Your assignment:
Print every record below exactly as it stands, but leave out the pictures.

____________________

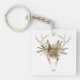 Crâne cerf & fleurs I par Naomi McCavitt. Il comprend un crâne de cerf avec des fleurs et des plumes placées sur sa tête.
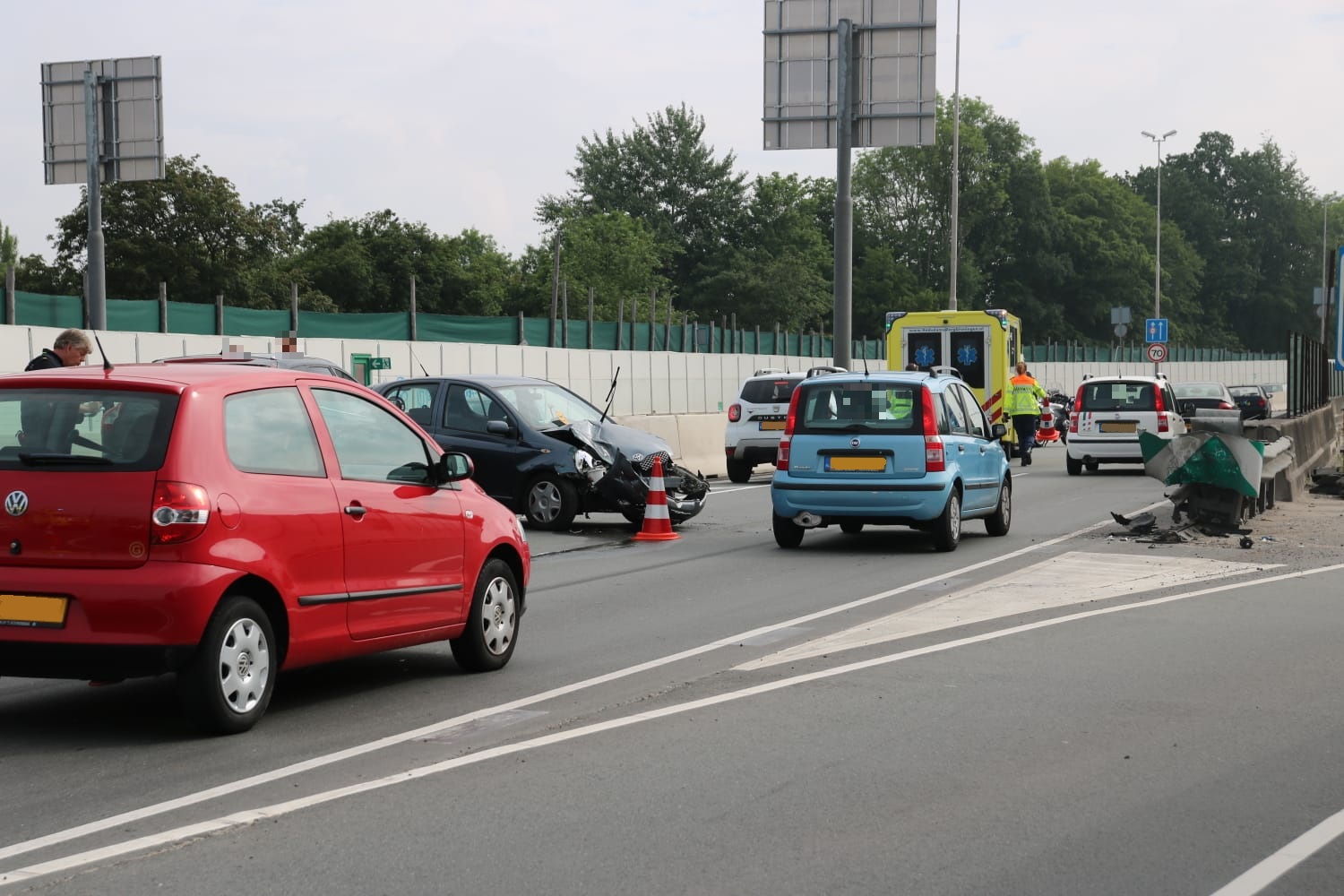 Het ongeluk gebeurde rond 09.45 uur ter hoogte van het Julianaplein. “Het gaat om een personenauto die uit de richting van Drachten kwam”, vertelt Wind. “Door nog onbekende oorzaak is de auto op een vangrail gebotst, is daarna weer de weg op geschoten en heeft daarbij een andere auto geramd.” Hulpdiensten waren snel ter plaatse. “Ambulanciers hebben de betrokkenen gecontroleerd maar niemand bleek gewond te zijn geraakt en niemand hoefde mee naar het ziekenhuis.”
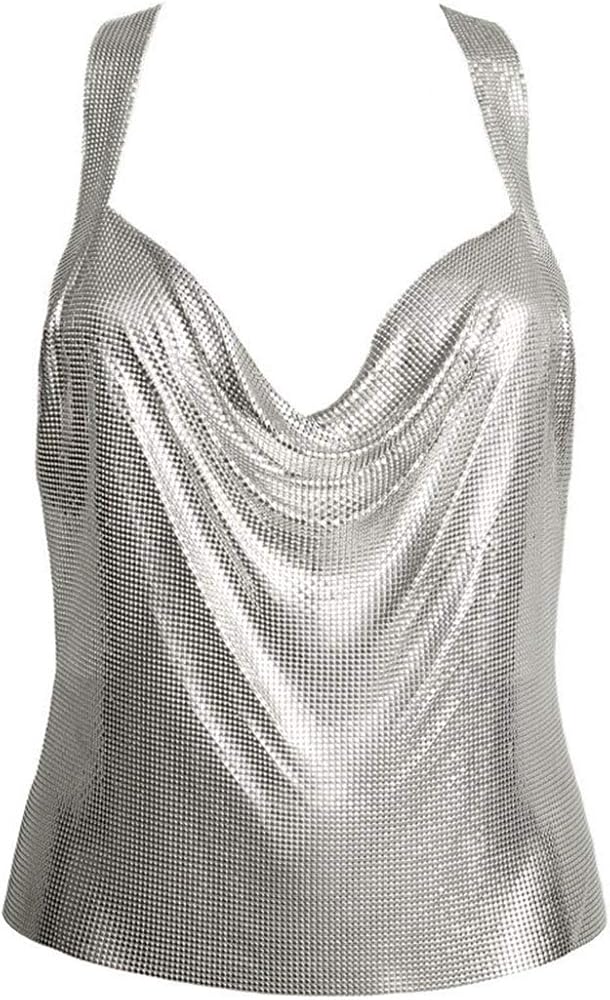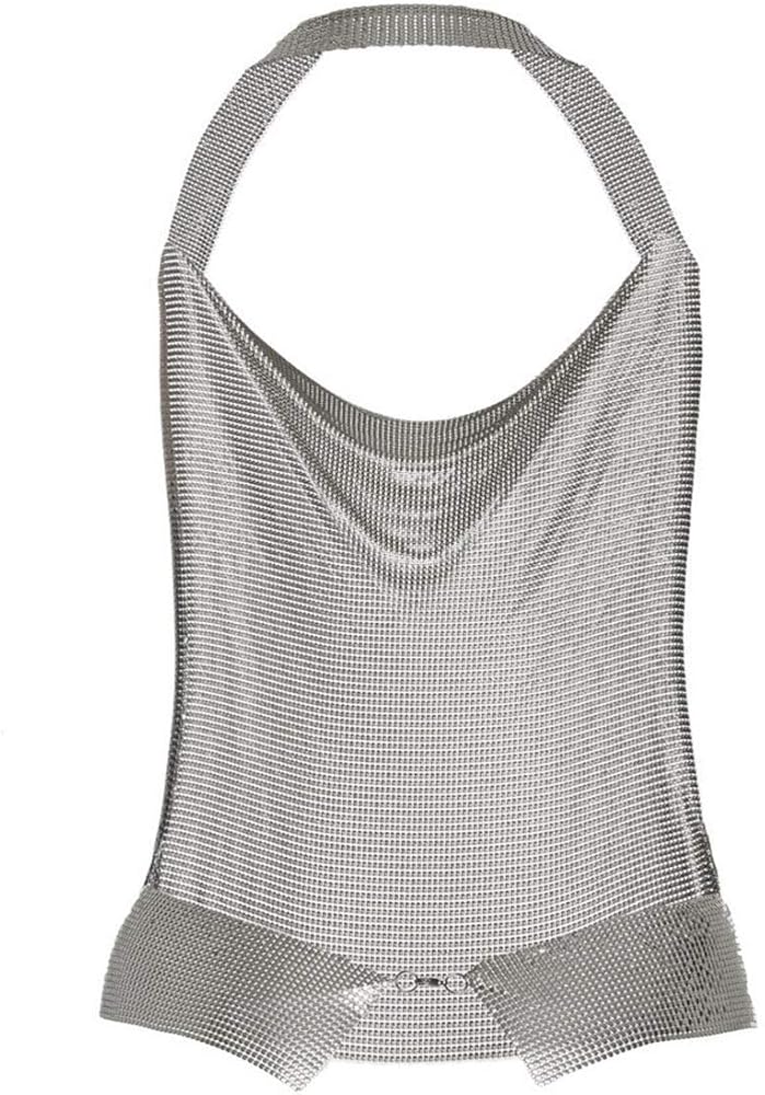 One Size:waist length:90cm/35.4in,shoulder strap length:81cm/31.9in,chest length:33cm/13in.adjustable chain strap,fits all body shape,this is adjustable shirt for women features a deep v neck with adjustable self ties at neck and back to fit most body types.features a smooth metal sequin front that shimmers like chain mail metal whenever the light hits it.
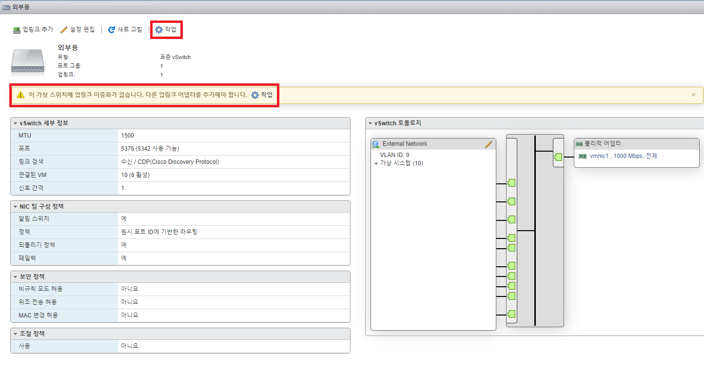 오늘은 ESXi 가상 스위치에 업링크를 추가해보도록 하겠습니다.
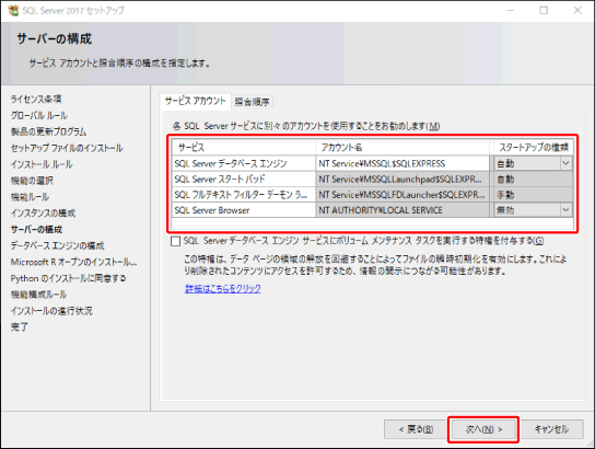 [サーバーの構成]画面の[サービス アカウント]タブで、以下の表示になっていることを確認したあと、[次へ]をクリックします。
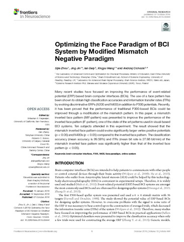 Zhou, S., Jin, J., Daly, I., Wang, X. and Cichocki, A. (2016) Optimizing the face paradigm of BCI system by modified mismatch negative paradigm. Frontiers in Neuroscience, 10. 444. ISSN 1662-453X doi: 10.3389/fnins.2016.00444
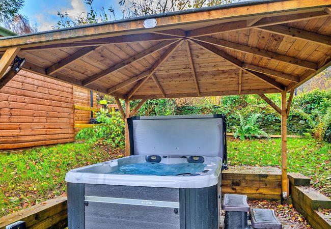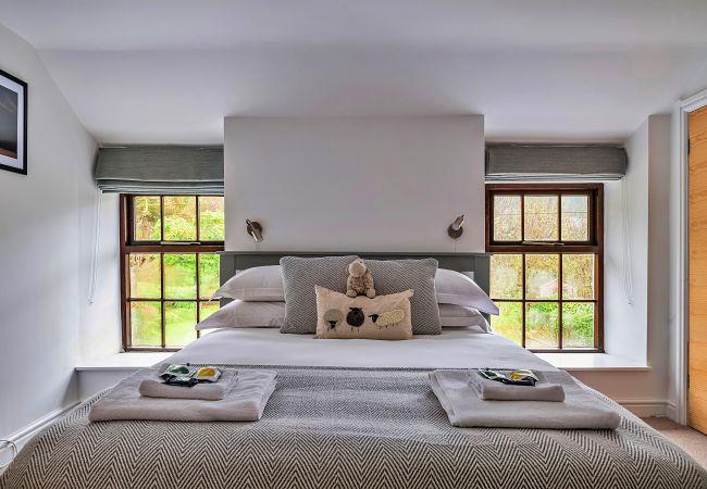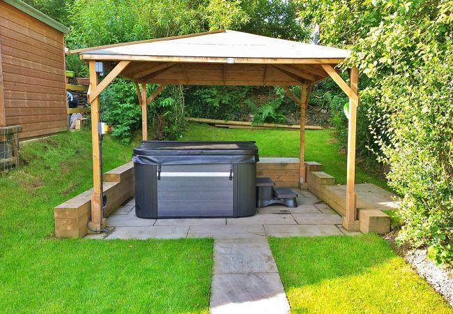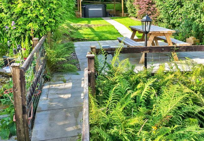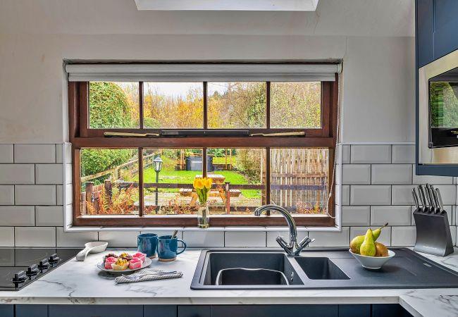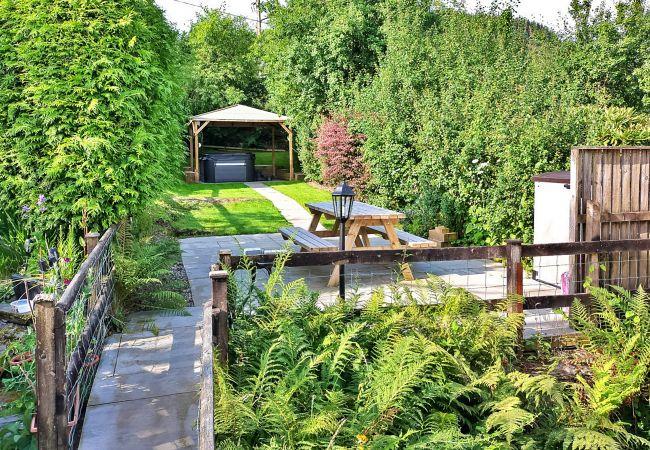 Whist retaining many of its original features, Harp House has recently been modernised to provide the perfect sanctuary to relax with a luxury hot tub, log fire and snug living spaces. The cottage comfortably sleeps five people across the two upstairs bedrooms, which neighbour the stylish bathroom with a walk-in shower. The master bedroom has a king-sized double bed and a single, whilst the second bedroom has a double. On the ground floor, the recently renovated kitchen is fully equipped including a slimline dishwasher. The kitchen backs onto a sizeable garden with a family dining area and a hot tub located under a wooden gazebo. A local stream passes underneath the kitchen window and there's a bridge over it to reach the private and enclosed garden. Because of the stream we recommend young children are supervised whilst in the garden.

____________________

Exercise solution:
 Crâne cerf & fleurs I par Naomi McCavitt. Il comprend un crâne de cerf avec des fleurs et des plumes placées sur sa tête.
 Het ongeluk gebeurde rond 09.45 uur ter hoogte van het Julianaplein. “Het gaat om een personenauto die uit de richting van Drachten kwam”, vertelt Wind. “Door nog onbekende oorzaak is de auto op een vangrail gebotst, is daarna weer de weg op geschoten en heeft daarbij een andere auto geramd.” Hulpdiensten waren snel ter plaatse. “Ambulanciers hebben de betrokkenen gecontroleerd maar niemand bleek gewond te zijn geraakt en niemand hoefde mee naar het ziekenhuis.”
 One Size:waist length:90cm/35.4in,shoulder strap length:81cm/31.9in,chest length:33cm/13in.adjustable chain strap,fits all body shape,this is adjustable shirt for women features a deep v neck with adjustable self ties at neck and back to fit most body types.features a smooth metal sequin front that shimmers like chain mail metal whenever the light hits it.
 오늘은 ESXi 가상 스위치에 업링크를 추가해보도록 하겠습니다.
 [サーバーの構成]画面の[サービス アカウント]タブで、以下の表示になっていることを確認したあと、[次へ]をクリックします。
 Zhou, S., Jin, J., Daly, I., Wang, X. and Cichocki, A. (2016) Optimizing the face paradigm of BCI system by modified mismatch negative paradigm. Frontiers in Neuroscience, 10. 444. ISSN 1662-453X doi: 10.3389/fnins.2016.00444
 Whist retaining many of its original features, Harp House has recently been modernised to provide the perfect sanctuary to relax with a luxury hot tub, log fire and snug living spaces. The cottage comfortably sleeps five people across the two upstairs bedrooms, which neighbour the stylish bathroom with a walk-in shower. The master bedroom has a king-sized double bed and a single, whilst the second bedroom has a double. On the ground floor, the recently renovated kitchen is fully equipped including a slimline dishwasher. The kitchen backs onto a sizeable garden with a family dining area and a hot tub located under a wooden gazebo. A local stream passes underneath the kitchen window and there's a bridge over it to reach the private and enclosed garden. Because of the stream we recommend young children are supervised whilst in the garden.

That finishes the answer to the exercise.